Personal Finance

Creating money systems that work

“Everything must be made as simple as possible, but not simpler.” – Albert Einstein

When you think about it, there are a lot of aspects of our life that run based on systems. The time we get up each morning, the routine before we leave the house, our route to work or school, the shows we watch on TV or listen to on the radio. Each of these is part of a system we’ve created for ourselves and each of them depends on ingrained habits to ensure they run smoothly.

We get up each day at the right time because we set an alarm. We show up to our meetings on time because we put them into our calendars. We know how long it takes us to get from home to work because we take the same route at roughly the same time every day and so we know what time we should be leaving home in order to get to work on time. The knowledge and the habits that we build our systems on mean that we don’t have to think about the process itself which frees up more time to focus on other things.

Money systems

I’ve learned from my own money journey that not having money systems in place can create a lot of unnecessary financial stress when it comes to managing money and can lead to a lot of missed opportunities when it comes to building wealth. Over the past few weeks, I’ve facilitated a number of workplace education sessions centered around the key principles of wealth building and money management and conducted a lot of individual sessions with employees looking for help with their finances.

Related article: Habits of Wealthy Canadians

No matter what the employee’s age or circumstances, in almost every case, the action steps they needed to take to reach their goals could be systemized in order to increase their chances of success. It’s been said more than once on this site that managing money and creating wealth is simple (usually with the caveat that simply doesn’t necessarily mean easy). Systemizing the action steps needed to achieve your goals is a key ingredient in the recipe for success.

Related article: The key to implementing your financial goals

Systemize your cashflow

I remember when I first started working for my dad at 15, I would get my weekly wages in cash. The money would come in a small brown envelope accompanied by a handwritten record of the hours worked, wages paid and deductions are taken. Now, my salary is calculated by a payroll software program and deposited directly into my bank account twice a month. Technology such as online banking and internet transfers makes it extremely easy to keep track of spending and to set up automatic payments for bills and savings.

Related article: It’s important to track your spending

Systemizing my payments has made managing money a lot easier and saves me a lot of time. I use a basic spreadsheet I call the “paycheque tracker” to keep track of my monthly outgoings and because I get paid twice a month I list which bills will be paid by each paycheque and how much of each paycheque will go to savings. Every dollar has a purpose: my RRSP dollars come right off my paycheque, the dollars intended for savings automatically leave my bank account on payday and every bill gets paid on the closest payday regardless of its actual due date.
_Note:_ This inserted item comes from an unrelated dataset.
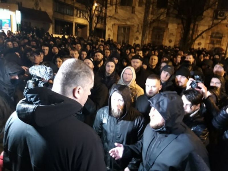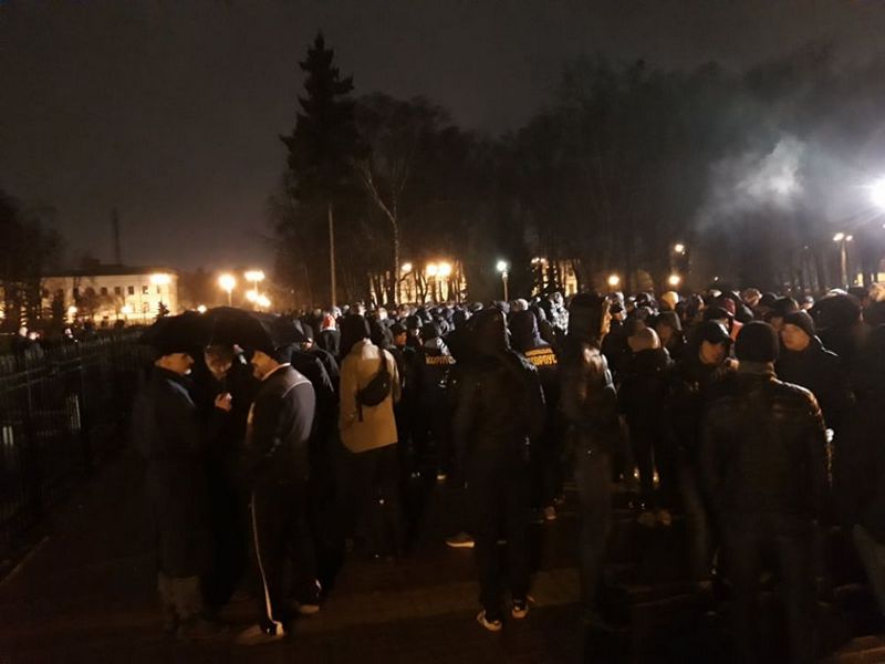 Действия полиции, примененные в отношении группы националистов, вызвали моментальную реакцию их единомышленников в других городах, и уже спустя несколько часов в Полтаву съехались представители «Нацкорпуса» и «Нацдружин» из ближайших крупных городов — Харькова, Сум, Днепра, Запорожья. По некоторым данным, в общей сложности, собралось порядка 600 человек. И в 22.00 колонна решительно настроенных молодых людей пришла к зданию ГУ Национальной полиции в Полтавской области, чтобы «добиться справедливости» и услышать от правоохранителей, какие законы были нарушены участниками акции.

Related article: The power of Pay yourself first

This means that whatever is in my account the day after payday is meant for groceries and entertainment, I don’t have to worry about accidentally spending my hydro money on shoes! I have a slush fund and a contingency fund for unexpected expenses but neither of them is connected to my debit card so I can’t be tempted into splurging – sometimes the best systems are the ones that protect us from ourselves!

Systemize your investments

Investors tend to fall into two groups. At one end of the spectrum, there are active investors; those people who love managing, watching and researching investments. On the other end, there are passive investors; people who care about their investments but who aren’t really excited or interested enough to pay a lot of attention to their investment accounts. Passive investors are definitely in the majority, so if this is the category of investor you fall into, don’t feel bad… you are certainly not alone!!

A solid investment portfolio needs to be diversified and allocated according to the goals, risk tolerance and time horizon of the investor. For passive investors, there are target-date funds and asset allocation funds that are designed to take care of these needs and provide peace of mind for those who prefer a more “hands-off” approach to invest.

For the active investors who prefer to build their own portfolios, there are systems you can put in place that will automatically rebalance your portfolio at given intervals, helping you “buy low and sell high” no matter how the markets are performing.

Related article: Understanding the art of rebalancing your portfolio

For me, the money systems I’ve put in place, are intended to make sure I’m consistently paying myself first, building a buffer zone and staying on top of my bills. I’m very aware of how my own money psychology can trip me up if I’m not paying attention or get too busy and so I’ve tried to create systems that compensate for the areas where I’m likely to get off track. Even though each person’s goals, motivators, and circumstances are individual, we can each create money systems that help us stay on track and make getting to our goals a little easier.

What money systems do you use to help you reach your financial goals?